A contemporary Sir William Uvedale (died 1542) was son and heir of Sir Henry Uvedale of More Crichel (his family being an offshoot of the Uvedale family of Wickham) and High Sheriff of Dorset in 1504, by Edith Pool of Gloucestershire. He was appointed customer of wools, hides, and fleeces in the port of London on 2 January 1522, and was a commissioner for raising the subsidy in Dorset in 1523. He was, however, careful, as the Bishop of Winchester complained to Wolsey, to evade payment of his own share; nevertheless in 1533 he again discharged the same office.

It appears that he had succeeded his father in the office of comptroller and collector of customs at Poole. He frequently appears in the commissions of the peace for Dorset. In 1527 he procured a pardon for all malversations in his office as comptroller of the port of Poole since 3 December 1515, a proceeding which recalls his conduct in connection with the subsidy of 1523.

In 1527 he obtained a grant from the Crown of land in East Purbeck, Dorset. At the coronation of Anne Boleyn in 1533 he was created a Knight of the Sword. On 8 July 1535 he surrendered the customership of London, which he had enjoyed for thirteen years, and it was granted to William Thynne as the result of a friendly transaction between the two. That Uvedale was a friend to the reforming party, and trusted by the King, is apparent from the occurrence of his name in 1536 on a list of noblemen and gentlemen of the southern counties, to whom it was in contemplation to write for assistance in the suppression of the northern rebellion.

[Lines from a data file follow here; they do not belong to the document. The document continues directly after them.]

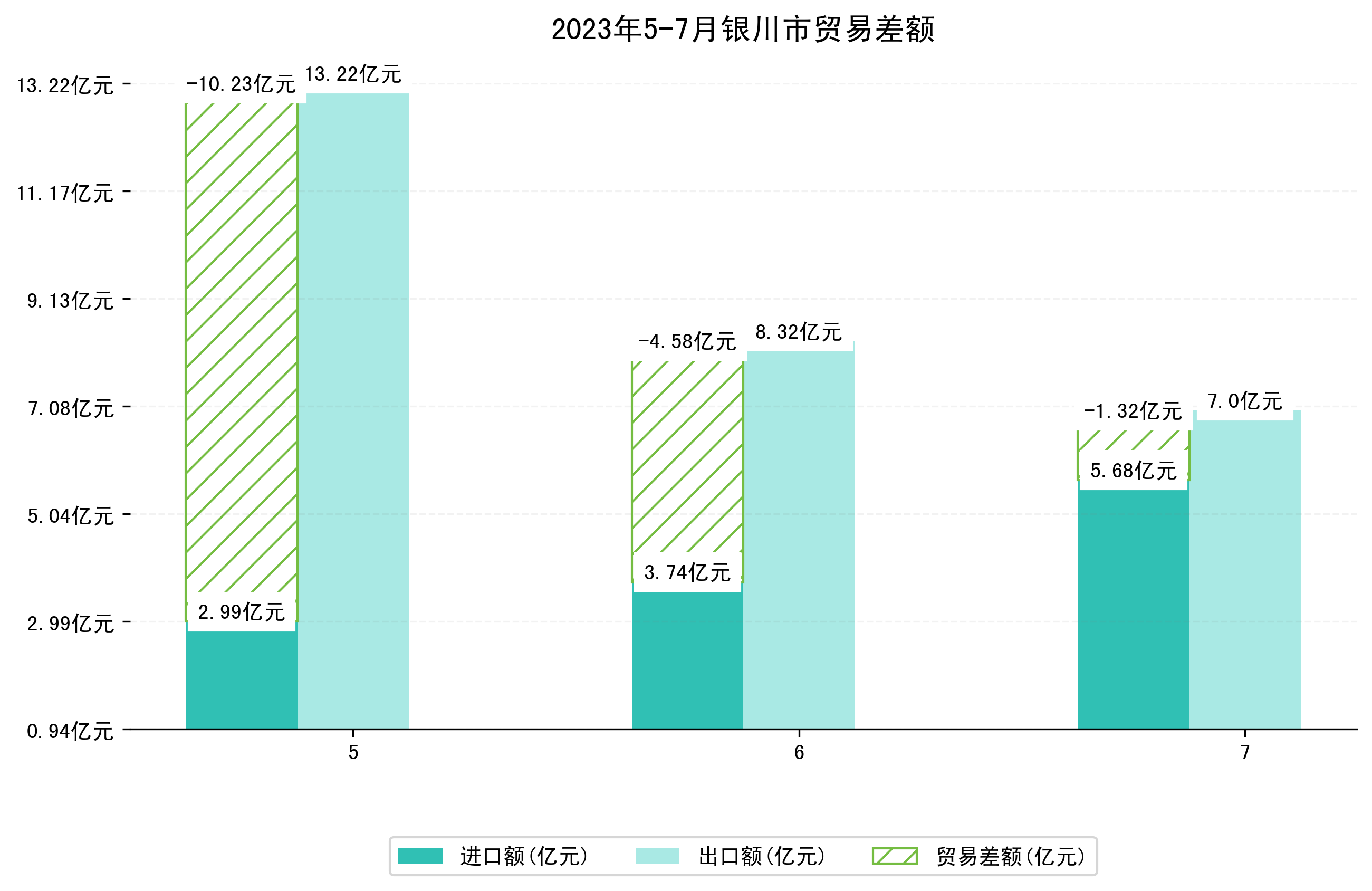 一、2023年7月银川市单月出口总额及进出口差额统计分析
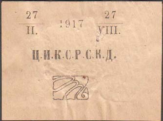 1917 г. 27.II. – 27.III.1917 г. Разм. 55 х 41 мм. Одноцветная печать на тонкой желтоватой бумаге. В центре аббревиатура: «Ц.И.К.С.Р.С.К.Д.». Сверху дата: «27/II – 27/III». Внизу декоративный элемент.
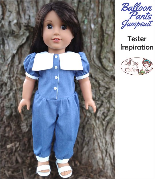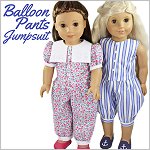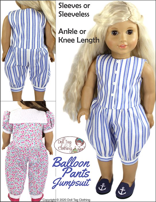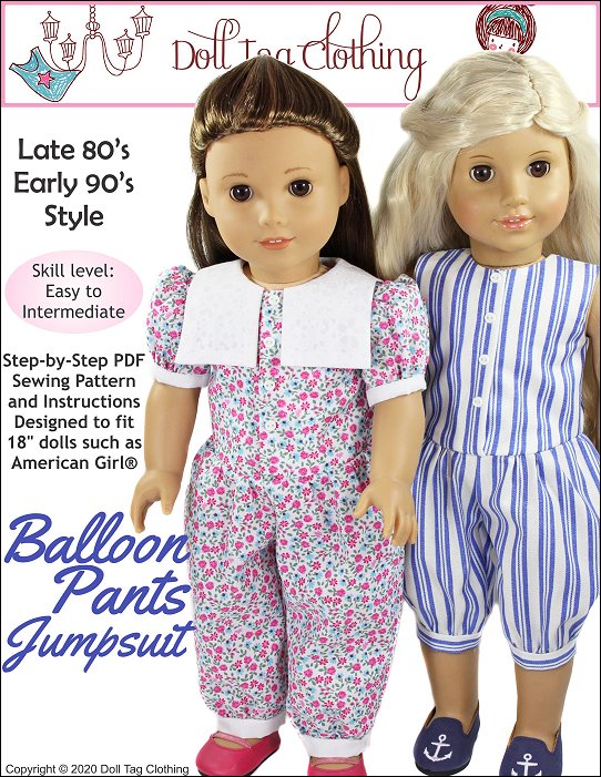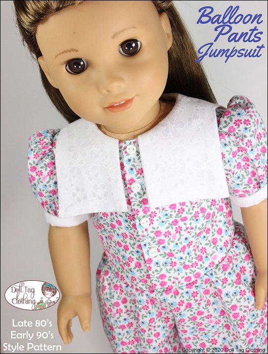 This jumpsuit is full of late 80’s and early 90’s inspiration complete with a large square collar and puffy sleeves. The jumpsuit has a curved waistline and the pants slightly gathered to give the balloon style. It closes in the front with snaps and the buttons are for decoration. The sleeves and leg hems are finished off with cuffs. The bodice is fully lined.With this sewing pattern you can create different jumpsuits. With sleeves or sleeveless, ankle or knee length.Doll Size: 18 inch dolls such as American GirlYou Will Need:• Fabric — 16” x 32”• Fabric Collar & Cuffs — 7” x 21” • Lining — 7” x 16”• Buttons — 1/4" wide — x4• Hand Sew Snaps — 1/4" wide — x4

Upon the dissolution of the abbey of Wilton he received a grant of the manor of Higher Bridmore in the parish of Berwick St John, Wiltshire, and in 1539 of the manor and rectory of Kimmeridge, Dorset, part of the property of the dissolved monastery of Cerne. He is stated by Hutchins to have been "server" to Henry VIII. He died in 1542, leaving by his wife Jane, daughter of John Dawson of Norfolk, four sons and one daughter.

== Bibliography ==

- Grants of Edward V (Camd. Soc.) 60;
- Letters and Papers of Henry VIII;
- Hutchins's History of Dorset, ii. 487;
- Hoare's History of Wiltshire, lv. 29;
- Leveson-Gower's "Notices of the Family of Uvedale of Titsey, Surrey, and Wickham, Hampshire", in Surrey Archæological Collections, iii. 63–192.
- Woodward's History of Hampshire, 3 vols.;
- Berry's Hampshire Genealogies, 1833, p. 74.